Sunday 23 February 2014

SHEPHERD'S PIE

Ingredients:
(Recipe adapted from here)

6 big potatoes, cubed
1/2 big white onions, chopped
1 tbsp chopped garlic
300g minced chicken or beef
1 small can of button mushroom
1 cup of mixed vegetable
1 can of cream of mushroom soup
Some milk
Salt and pepper
1 cup shredded cheddar cheese
1 tbsp of plain flour mixed with 3 tbsp of water

Methods:
1. Sautee onion and garlic until onion is soft. Add in minced beef/chicken and button mushroom and fry until it is cooked. Add in whole can of cream of mushroom soup and using the can measure one can of water to add in and mix well. Add in mixed vegetable. Add salt and pepper to taste. Add the prepared flour mixture to thicken the fillings. Add the flour mixture a little at a time to the right texture you like. Discard the unused flour mixture. Leave the fillings aside for later use.

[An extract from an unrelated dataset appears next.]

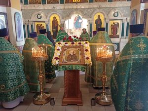 Божественную литургию в праздничный день возглавил благочинный приходов Новочеркасского округа протоиерей Олег Добринский. Ему сослужили настоятель храма иерей Валентин Степанюк, духовник Новочеркасского благочиния игумен Филарет (Авдюшкин), духовенство казачьей столицы.
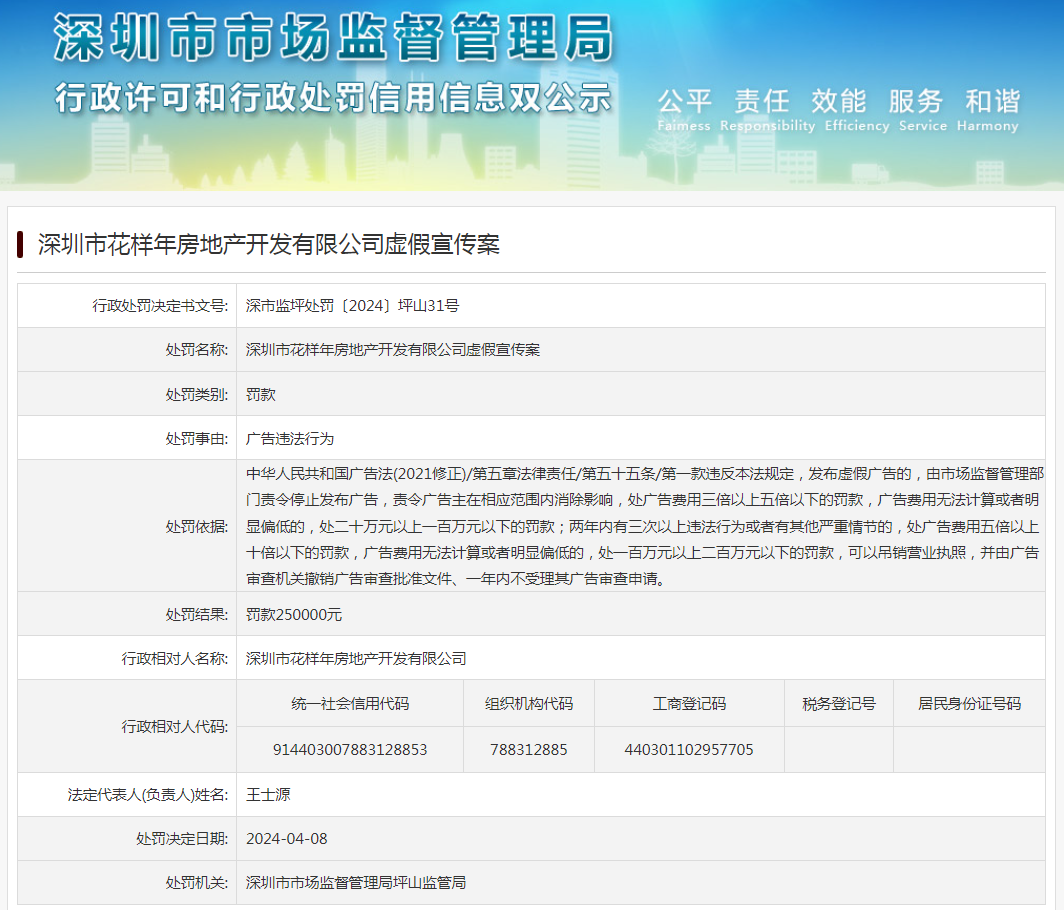 深圳市花樣年房地產開發有限公司虛假宣傳案

2. Bring a pot of water to boil. Add in all the cubed potatoes and boil until it is soft. Test by using a skewer or fork and when it can be poked easily, it is ok. Drain the water and pour soft potatoes into a big mixing bowl. Mashed potatoes quickly while it is hot. After mashing, add in the whole cup of cheddar cheese and mix well. The heat of the potatoes will melt the cheese. Add in some salt and pepper to taste. Add in some milk to the mashed potatoes but do not add too much. During baking, the mashed potatoes will turn slightly wet and soft.

3. Pour the fillings into a glass baking tray or metal baking tray, it doesn't matter. Level the fillings and top it off with the mashed potatoes. Spread evenly. Sprinkle more shredded chedder cheese on top of the mashed potates and baked it in a preheated oven at 200C until the top is brown and crispy.

Note: You can add some mixed herbs or dried oregano, parsley, etc into the filling.